Input data:
------------------------------------------------------------------------

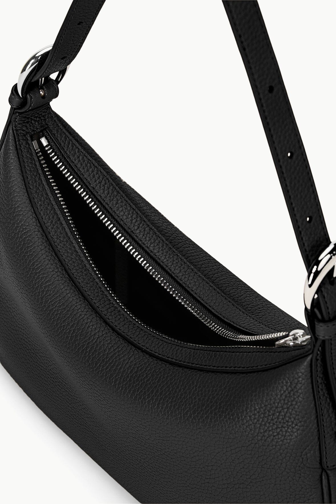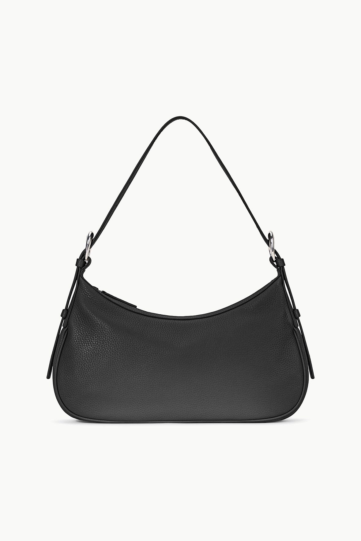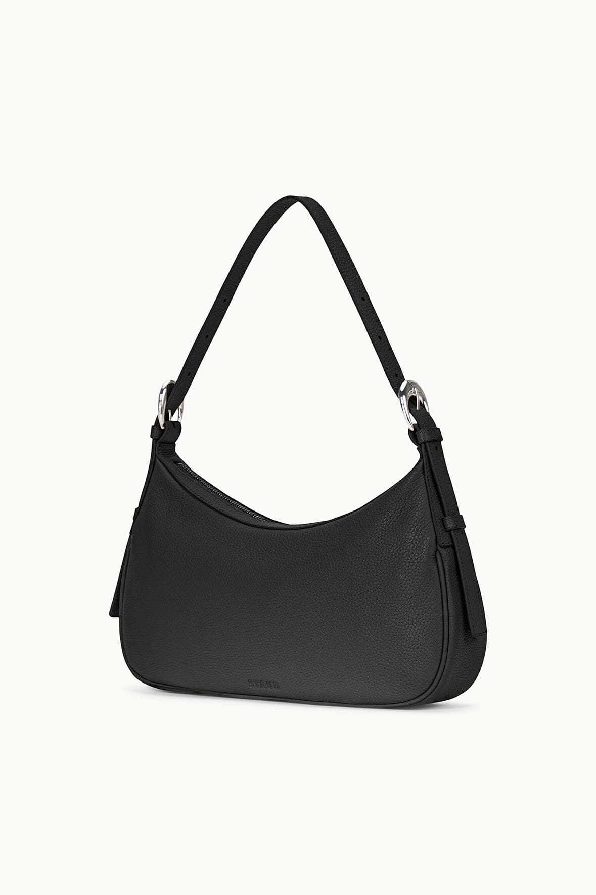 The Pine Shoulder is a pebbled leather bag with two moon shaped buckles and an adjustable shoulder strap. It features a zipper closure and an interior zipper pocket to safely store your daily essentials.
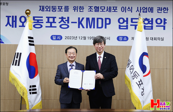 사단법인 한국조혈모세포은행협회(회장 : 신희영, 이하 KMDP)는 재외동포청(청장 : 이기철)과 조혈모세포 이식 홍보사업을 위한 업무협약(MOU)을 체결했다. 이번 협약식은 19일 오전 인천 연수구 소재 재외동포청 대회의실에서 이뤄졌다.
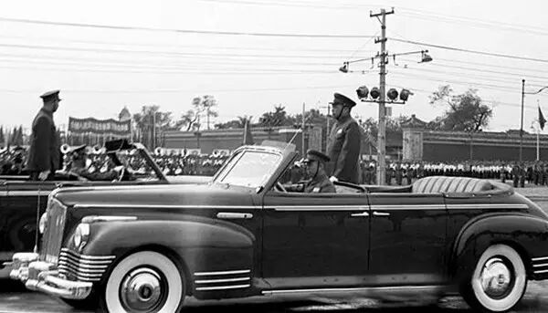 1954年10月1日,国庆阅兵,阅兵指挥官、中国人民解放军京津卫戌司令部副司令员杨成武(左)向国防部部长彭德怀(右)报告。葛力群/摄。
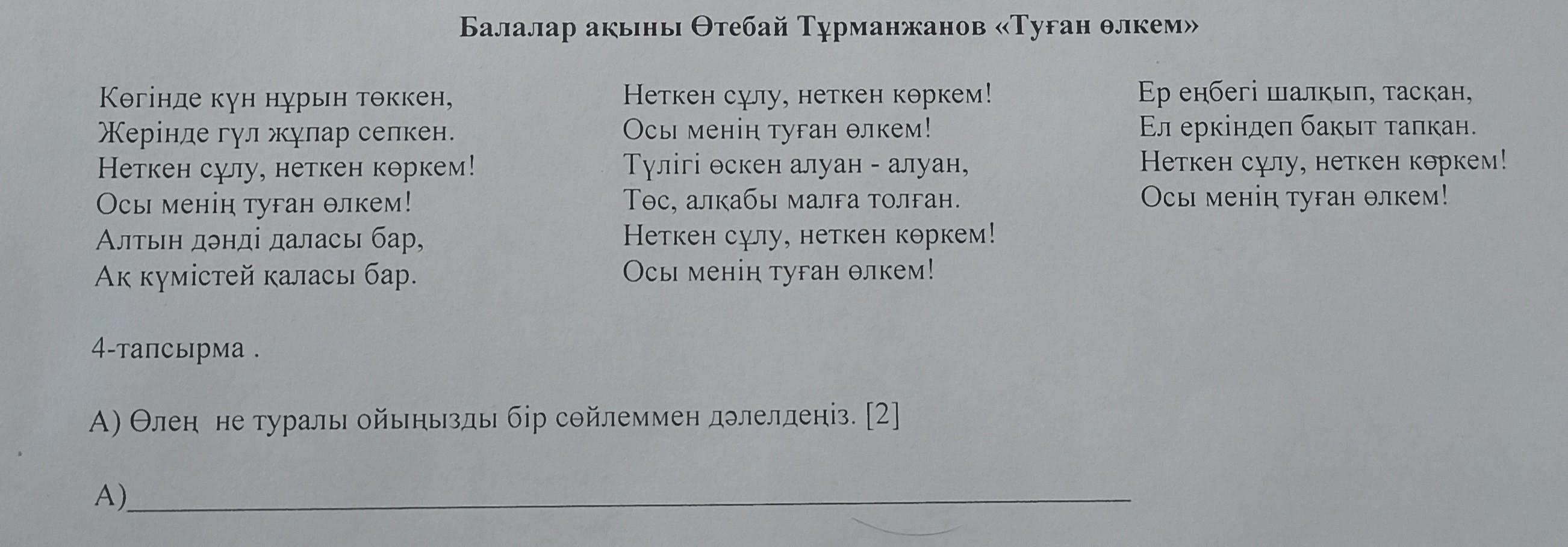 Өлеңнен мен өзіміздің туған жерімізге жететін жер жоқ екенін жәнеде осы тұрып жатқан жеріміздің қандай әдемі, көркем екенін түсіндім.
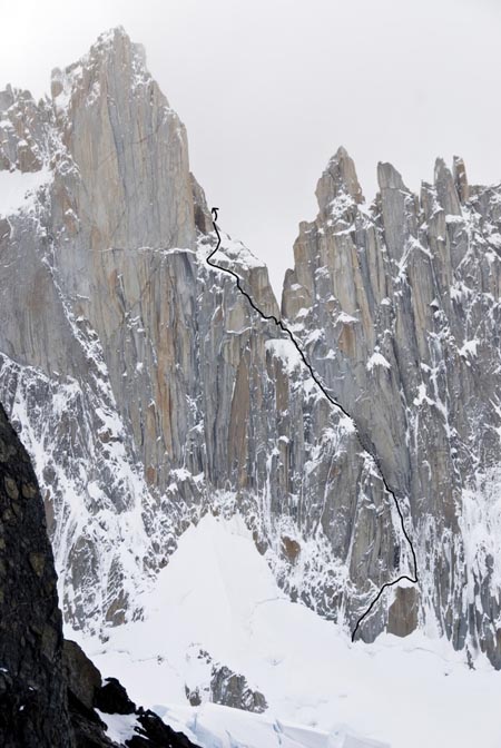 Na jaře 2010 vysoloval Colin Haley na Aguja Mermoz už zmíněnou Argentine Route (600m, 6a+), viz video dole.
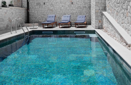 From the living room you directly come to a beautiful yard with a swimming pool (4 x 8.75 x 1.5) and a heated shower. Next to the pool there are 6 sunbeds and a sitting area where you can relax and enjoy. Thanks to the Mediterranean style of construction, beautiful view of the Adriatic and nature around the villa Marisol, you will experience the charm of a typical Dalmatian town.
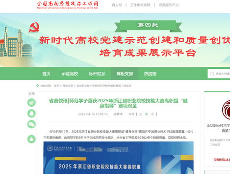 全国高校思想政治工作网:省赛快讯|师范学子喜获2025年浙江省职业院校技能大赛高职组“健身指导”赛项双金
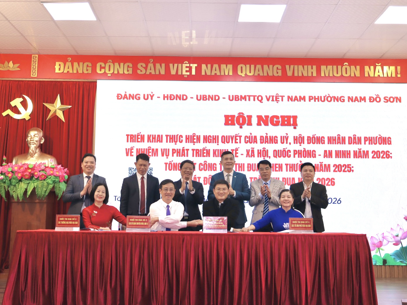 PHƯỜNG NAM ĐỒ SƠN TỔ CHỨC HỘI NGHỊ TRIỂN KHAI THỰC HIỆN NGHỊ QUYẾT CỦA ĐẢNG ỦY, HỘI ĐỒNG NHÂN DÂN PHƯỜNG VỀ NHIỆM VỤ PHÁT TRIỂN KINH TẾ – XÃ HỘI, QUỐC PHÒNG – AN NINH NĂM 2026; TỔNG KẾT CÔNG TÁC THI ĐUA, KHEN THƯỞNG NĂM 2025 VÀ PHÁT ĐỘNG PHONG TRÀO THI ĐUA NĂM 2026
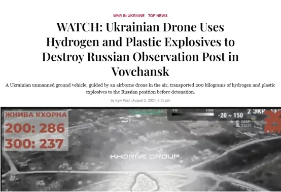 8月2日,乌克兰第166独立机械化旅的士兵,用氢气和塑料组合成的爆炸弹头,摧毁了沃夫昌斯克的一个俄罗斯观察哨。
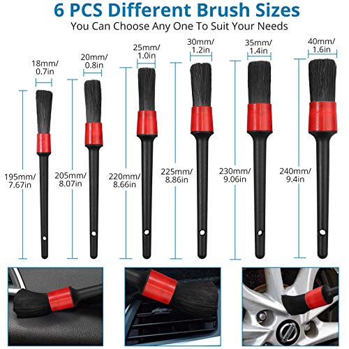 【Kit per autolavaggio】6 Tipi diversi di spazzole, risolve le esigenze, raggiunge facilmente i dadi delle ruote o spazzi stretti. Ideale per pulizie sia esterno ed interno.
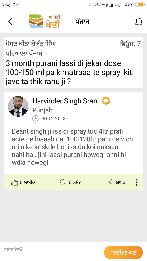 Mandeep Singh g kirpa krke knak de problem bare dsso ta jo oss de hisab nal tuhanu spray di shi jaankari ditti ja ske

------------------------------------------------------------------------

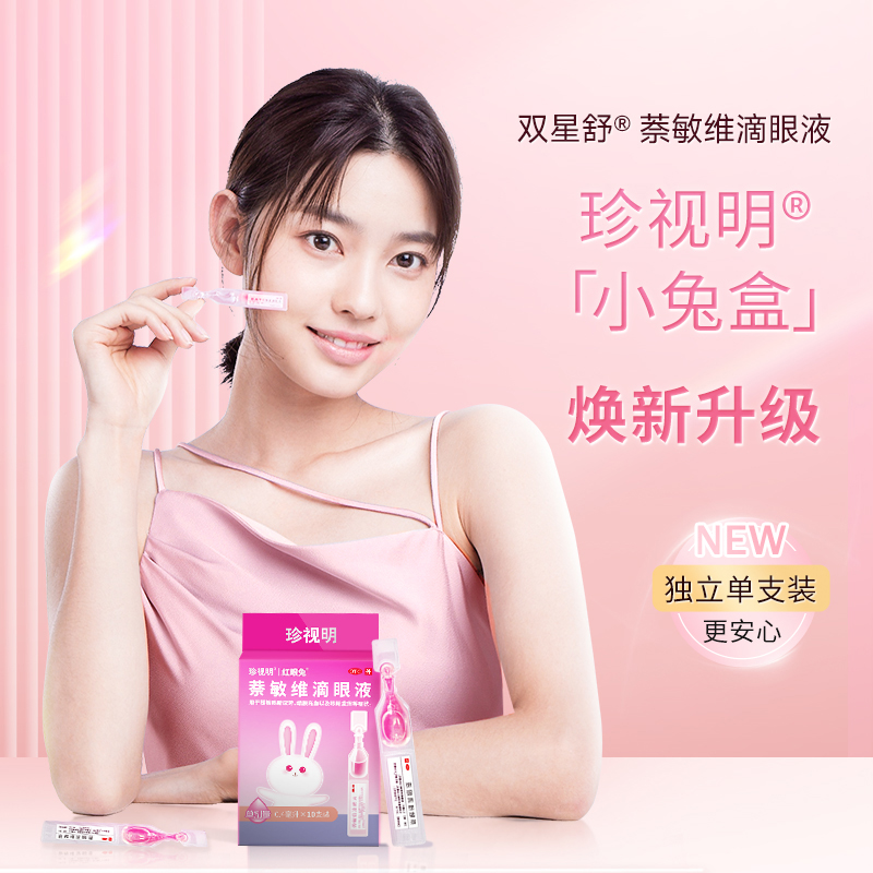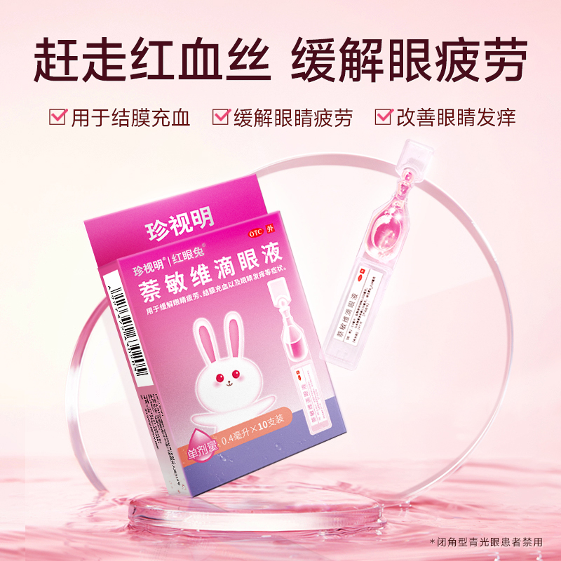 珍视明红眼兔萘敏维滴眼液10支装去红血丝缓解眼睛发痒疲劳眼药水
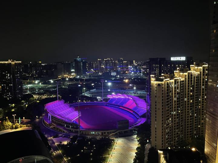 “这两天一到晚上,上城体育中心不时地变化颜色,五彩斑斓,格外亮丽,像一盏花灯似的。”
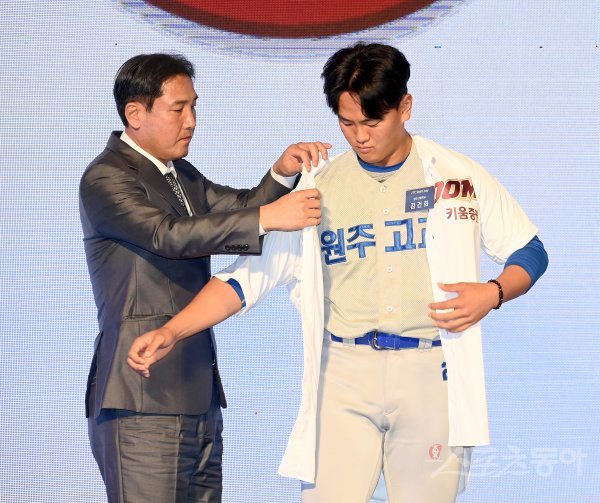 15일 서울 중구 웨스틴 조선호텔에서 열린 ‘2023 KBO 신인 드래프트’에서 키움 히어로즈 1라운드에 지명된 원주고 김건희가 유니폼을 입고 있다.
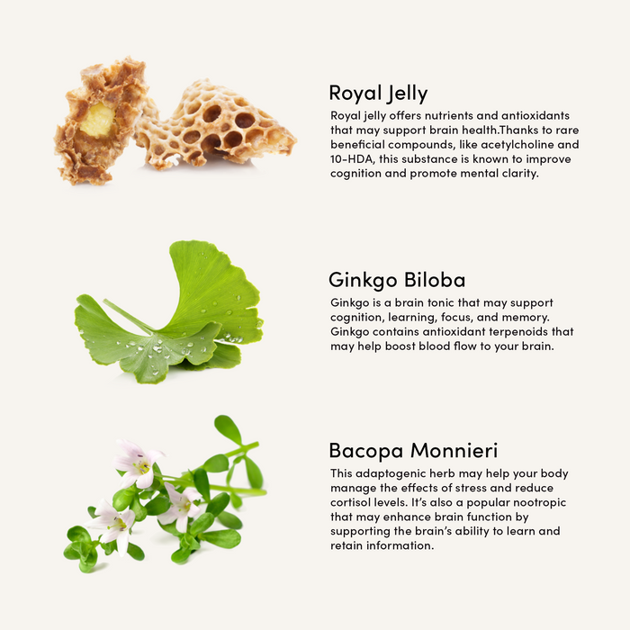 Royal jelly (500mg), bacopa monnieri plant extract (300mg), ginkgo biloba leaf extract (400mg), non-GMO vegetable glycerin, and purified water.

------------------------------------------------------------------------

Task goal: Output only the lines above from the one containing "The Pine Shoulder" to the one containing "Mandeep Singh g", both included, exactly as written and with no pictures.

Response to this task:
 The Pine Shoulder is a pebbled leather bag with two moon shaped buckles and an adjustable shoulder strap. It features a zipper closure and an interior zipper pocket to safely store your daily essentials.
 사단법인 한국조혈모세포은행협회(회장 : 신희영, 이하 KMDP)는 재외동포청(청장 : 이기철)과 조혈모세포 이식 홍보사업을 위한 업무협약(MOU)을 체결했다. 이번 협약식은 19일 오전 인천 연수구 소재 재외동포청 대회의실에서 이뤄졌다.
 1954年10月1日,国庆阅兵,阅兵指挥官、中国人民解放军京津卫戌司令部副司令员杨成武(左)向国防部部长彭德怀(右)报告。葛力群/摄。
 Өлеңнен мен өзіміздің туған жерімізге жететін жер жоқ екенін жәнеде осы тұрып жатқан жеріміздің қандай әдемі, көркем екенін түсіндім.
 Na jaře 2010 vysoloval Colin Haley na Aguja Mermoz už zmíněnou Argentine Route (600m, 6a+), viz video dole.
 From the living room you directly come to a beautiful yard with a swimming pool (4 x 8.75 x 1.5) and a heated shower. Next to the pool there are 6 sunbeds and a sitting area where you can relax and enjoy. Thanks to the Mediterranean style of construction, beautiful view of the Adriatic and nature around the villa Marisol, you will experience the charm of a typical Dalmatian town.
 全国高校思想政治工作网:省赛快讯|师范学子喜获2025年浙江省职业院校技能大赛高职组“健身指导”赛项双金
 PHƯỜNG NAM ĐỒ SƠN TỔ CHỨC HỘI NGHỊ TRIỂN KHAI THỰC HIỆN NGHỊ QUYẾT CỦA ĐẢNG ỦY, HỘI ĐỒNG NHÂN DÂN PHƯỜNG VỀ NHIỆM VỤ PHÁT TRIỂN KINH TẾ – XÃ HỘI, QUỐC PHÒNG – AN NINH NĂM 2026; TỔNG KẾT CÔNG TÁC THI ĐUA, KHEN THƯỞNG NĂM 2025 VÀ PHÁT ĐỘNG PHONG TRÀO THI ĐUA NĂM 2026
 8月2日,乌克兰第166独立机械化旅的士兵,用氢气和塑料组合成的爆炸弹头,摧毁了沃夫昌斯克的一个俄罗斯观察哨。
 【Kit per autolavaggio】6 Tipi diversi di spazzole, risolve le esigenze, raggiunge facilmente i dadi delle ruote o spazzi stretti. Ideale per pulizie sia esterno ed interno.
 Mandeep Singh g kirpa krke knak de problem bare dsso ta jo oss de hisab nal tuhanu spray di shi jaankari ditti ja ske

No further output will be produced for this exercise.